(CN) - The estate of a mentally ill Florida woman did not prove the sheriff's office was negligent when it un-jammed the gun she used to kill herself, a state appeals court ruled.
Tiffanye Cobb, 37, called the police in February 2009. When a deputy arrived, she explained that she had bought a gun and needed help un-jamming it.
According to her estate's complaint, she told the deputy she had bought the gun from "an unknown male she had never spoken with before."
The sheriff's office was familiar with Cobb, who her estate described as "an emotionally disturbed woman who had previously been involuntarily committed to a mental health facility."
She had made "bizarre and inappropriate calls to (the sheriff's office) on almost a monthly basis," according to her estate.
Cobb told the deputy that she had been unable to un-cock the gun and had fired it into a laundry basket, which she showed the deputy.
After determining that the gun had not been stolen, the deputy removed the shell casing of the round that Cobb had fired into the basket.
He placed the gun on the kitchen table and left the apartment.
Soon after, Cobb put the gun to her head and pulled the trigger.
Cobb's estate sued the sheriff's office for wrongful death, alleging that "in assisting Ms.
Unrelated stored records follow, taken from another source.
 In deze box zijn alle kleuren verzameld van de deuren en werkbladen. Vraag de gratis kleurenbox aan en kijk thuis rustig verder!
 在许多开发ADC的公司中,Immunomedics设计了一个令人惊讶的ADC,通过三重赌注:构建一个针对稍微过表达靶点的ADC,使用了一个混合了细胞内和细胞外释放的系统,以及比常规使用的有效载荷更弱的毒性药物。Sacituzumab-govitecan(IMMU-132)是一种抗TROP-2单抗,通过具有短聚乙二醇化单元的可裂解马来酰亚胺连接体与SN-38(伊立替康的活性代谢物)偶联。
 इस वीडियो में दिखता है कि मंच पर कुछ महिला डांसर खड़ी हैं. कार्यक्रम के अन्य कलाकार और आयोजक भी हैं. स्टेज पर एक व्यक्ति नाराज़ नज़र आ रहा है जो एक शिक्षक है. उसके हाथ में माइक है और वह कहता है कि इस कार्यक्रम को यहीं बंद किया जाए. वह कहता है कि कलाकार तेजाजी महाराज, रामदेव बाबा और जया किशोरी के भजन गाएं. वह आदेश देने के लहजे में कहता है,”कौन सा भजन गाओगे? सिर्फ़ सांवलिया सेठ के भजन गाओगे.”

Cobb, it endangered her."
The trial court dismissed the case, and the Tallahassee-based First District Florida Court of Appeals affirmed the decision in a per curiam opinion.
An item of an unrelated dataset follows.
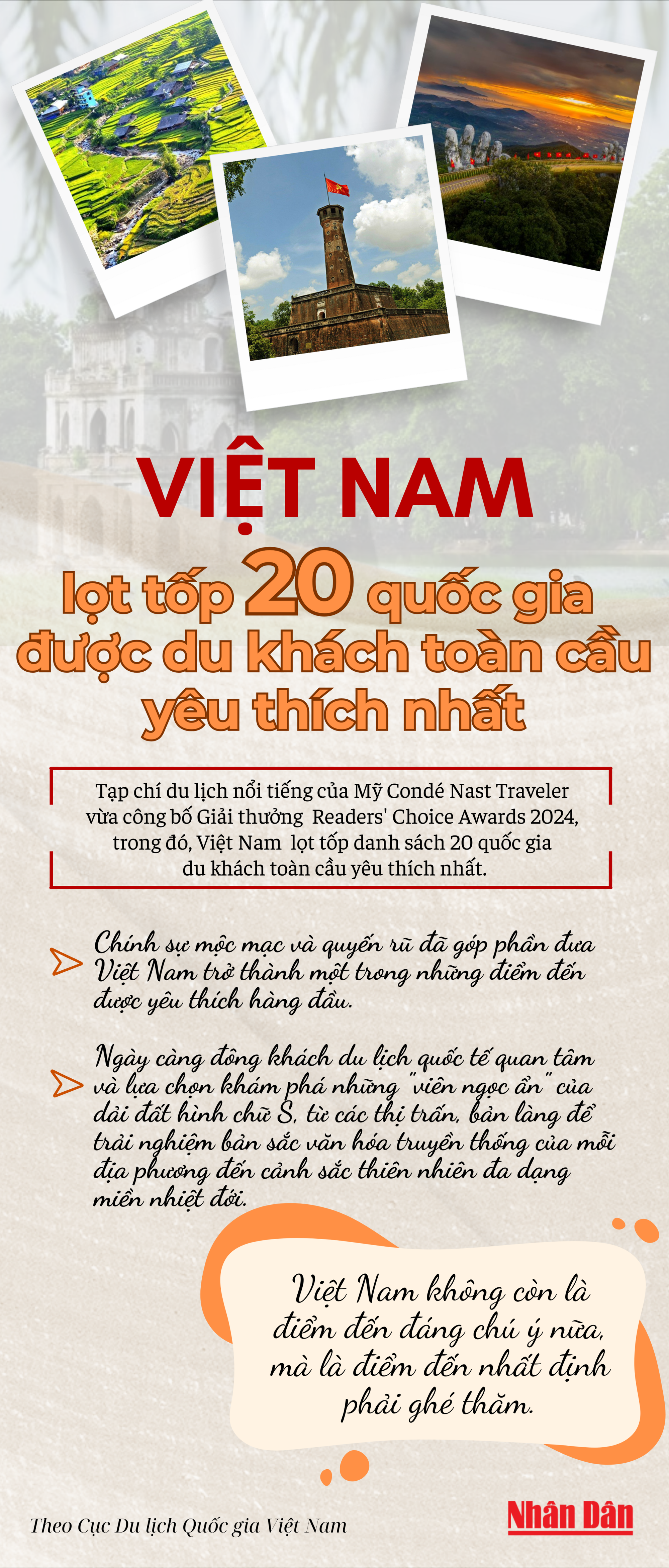 [Infographic] Việt Nam lọt tốp 20 quốc gia được du khách toàn cầu yêu thích nhất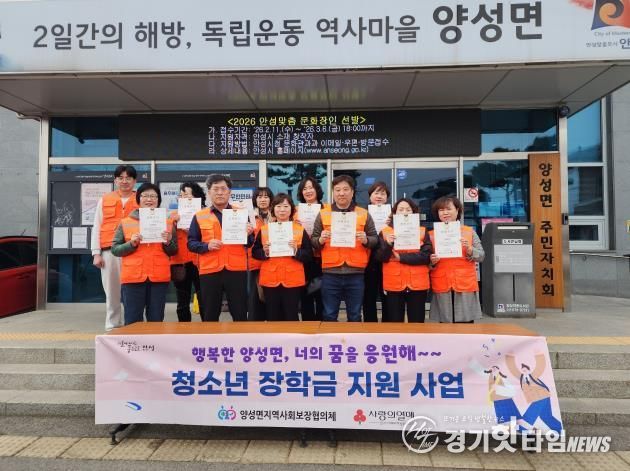‘청소년 장학금 지원 사업’은 양성면 아동‧청소년이 건강하게 성장하고 미래에 대한 희망을 키울 수 있도록 돕기 위해 추진되고 있으며, 이번 지원으로 11명에게는 2026년 3월부터 12월까지 매월 10만 원씩(총 100만 원), 2명에게는 2027년 2월까지 매월 10만 원씩(총 120만 원) 지원하며, 총 13명에게 1,440만 원의 장학금이 전달될 예정이다.

In a specially concurring opinion, Judge Scott Makar stated that the legal question is "whether a duty existed that the deputy negligently breached and, if so, are those actions shielded from liability under principles of sovereign immunity?"
Makar noted that if the estate's allegations are true, the deputy could have arrested Cobb for improperly discharging the weapon or could have held the gun as evidence.
However, Makar stated that the estate's failed to prove that the sheriff's office was not immune from the lawsuit."Because the presumption of correctness of the trial court's order as to the immunity issue has not been rebutted, I agree that affirmance is proper," Makar wrote.